Are you wasting food?

By Glauce Fleury
Communications Intern at the David Suzuki foundation

It's 6:30 a.m. While the water is boiling, I put the tea bag in my cup and take the bread from the freezer. There are only four slices: two middles and both ends. I grab the middles and put the package back. At night I'm cooking dinner. I peel some carrots to remove the skin. In the end, there's not much left. I throw the broccoli stalks away, cook rice and chicken and eventually notice it's more than I can eat. On the next day I want something fresh. The leftovers aren't appealing. Garbage?
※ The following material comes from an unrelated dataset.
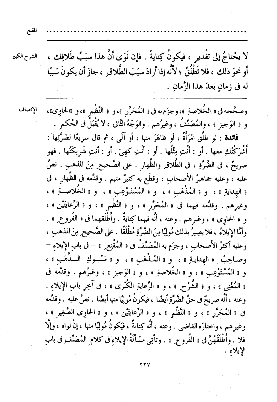 فائدة: لو طلَّق امْرَأَةً، أو ظاهَرَ منها، أو آلَى، ثم قال سرِيعًا لضَرَّتِها: اشْرَكْتُكِ معها. أو: أنْتِ مِثْلُها. أو: أنْتِ كهِىَ. أو: أنتِ شَرِيكَتُها. فهو صريحٌ، فى الضَّرَّةِ، فى الطَّلاقِ والظِّهارِ. على الصَّحيحِ مِنَ المذهبِ. نصَّ عليه، وعليه جماهيرُ الأصحابِ، وقطَع به كثيرٌ منهم. وقدَّمه فى الظِّهارِ، فى «الهِدايَةِ»، و «المُذْهَبِ»، و «المُسْتَوْعِبِ»، و «الخُلاصةِ»، وغيرِهم. وقدَّمه فيهما فى «المُحَرَّرِ»، و «النَّظْمِ»، و «الرِّعايَتَيْن»، و «الحاوِى»، وغيرِهم. وعنه، أنَّه فيهما كِنايةٌ. وأطْلَقهما فى «الفُروعِ». وأمَّا الإيلاءُ، فلا يصِيرُ بذلك مُولِيًا مِنَ الضَّرَّةِ مُطْلَقًا. على الصَّحيحِ مِنَ المذهبِ، وعليه أكثرُ الأصحابِ، وجزَم به المُصَنِّفُ فى «المُقْنِعِ» -فى بابِ الإِيلاءِ- وصاحِبُ «الهِدايَةِ»، و «المُذْهَبِ»، و «مَسْبوكِ الذَّهَبِ»، و «المُسْتَوْعِبِ»، و «الخُلاصةِ»، و «الوَجيزِ»، وغيرُهم. وقدَّمه فى «المُغْنِى»، و «الشَّرْحِ»، و «الرِّعايَةِ الكُبْرى»، فى آخِرِ بابِ الإيلاءِ. وعنه، أنه صريح فى حقِّ الضَّرَّةِ أيضًا، فيكونُ مُولِيًا منها أيضًا. نصَّ عليه. وقدَّمه فى «المُحَرَّرِ»، و «النَّظْمِ»، و «الرِّعايتَيْن»، و «الحاوِى الصَّغِيرِ»، وغيرِهم، واختارَه القاضى. وعنه، أنَّه كِنايةٌ، فيَكونُ مُولِيًا منها، إنْ نواه، وإلَّا فلا. وأَطْلَقَهُنَّ فى «الفُروعِ». وتأتِى مسْألَةُ الإيلاء فى كلام المُصَنِّفِ فى بابِ الإِيلاءِ.

About 1.3 billion tonnes of food go to waste every year in the world. According to the United Nations Food and Agriculture Organization (FAO), this food could feed three times the hungry people on the planet. To cut food loss and waste, the UN Environmental Program (UNEP) launched the campaign Think.Eat.Save in support of the Save Food Initiative. Thinking that food waste is not a problem because it'll decompose in the landfill is a mistake. According to the UNEP, light and air are required to compost it properly. But most garbage is buried in a landfill, so that food ends up producing methane gas, one of the villains of global warming. The rise in average global temperature is more affected by food waste than by air traffic.

The UN campaign insists on an important issue: food waste and loss affect everyone. In developing countries, more than 30 per cent of food spoils. The reasons are related to infrastructure: perishable food isn't always stored properly or transported quickly. In developed countries, the amount of waste is the same but reasons are different - food is wasted by individuals, suppliers and restaurants through poor planning, preparation and storage. That wasting food is often unintentional doesn't excuse it. As UNEP notes, we should keep in mind that when we waste food, we also waste the resources used to produce it - like water. Consider the effects of our actions: to produce one hamburger, we need up 2,400 litres of water. In other words, we could use this water to fill 16 bathtubs - this represents the amount we'd be throwing away if we let the hamburger go to waste.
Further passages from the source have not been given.